Even as late as 2010 and slightly beyond, UIS provides no PHE data for India. Our main alternative source is the partnership of India’s Higher Education Planning Commission, FICCI, and Ernst & Young, publications and personal communications with Ernst and Young’s Amitabh Jinghan and Keshav Kanoria as the Commission’s Pawal Agarwal. Because the only years with data are 2001, 2007, and 2012, we estimate our 2000, 2005, and 2010 figures based on the available years. A new data source is the All India Survey but it provides only 2007 and 2012 and does not differ radically from the partnership data: 55.3% compared to 58.9% for 2012, though with lower absolute figures.
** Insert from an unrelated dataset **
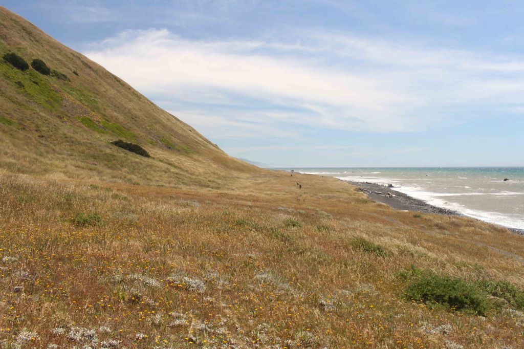 Trip Overview: This ~25 mile route offers a rare coastal wilderness experience where you travel along a beach and must keep track of the tides! The route explores one of the most undeveloped stretches of shoreline in California. Along the way, you hike on the beach, travel over grassy bluffs, and dodge sea lions and ocean waves. +/- 1,000 feet of elevation over the course of this trek with a peak elevation of only ~150 feet. Highlights include coastal views as far as the eye can see, remote beaches, and a variety of wildlife including sea lions, seals, deer, and whales. The majority of the images here are from a trip in mid May. Unless otherwise noted all photos were taken by Richard O’Neill and are reused with permission.

Additionally, all these figures exclude distance education, which accounts for 4.1 million enrollments 2012, of which only about 6% are PHE. If we add in distance education for the same year, PHE’s overall share falls from 58.9 to 50.6%. 
Regarding PHE inclusiveness, observers sometimes refer to higher education as either self-financed or government-funded. But the latter includes still legally private colleges, generally affiliated to universities, and operating on public funding. In their early years such colleges were generally self-financed but in the 1960s, system expansion was increasingly fueled by public funds with accompanying government control. This very much fits our government-dependent category, most often seen in Europe. It is also consistent with PROPHE’s general policy of counting as private anything defined nationally as legally private.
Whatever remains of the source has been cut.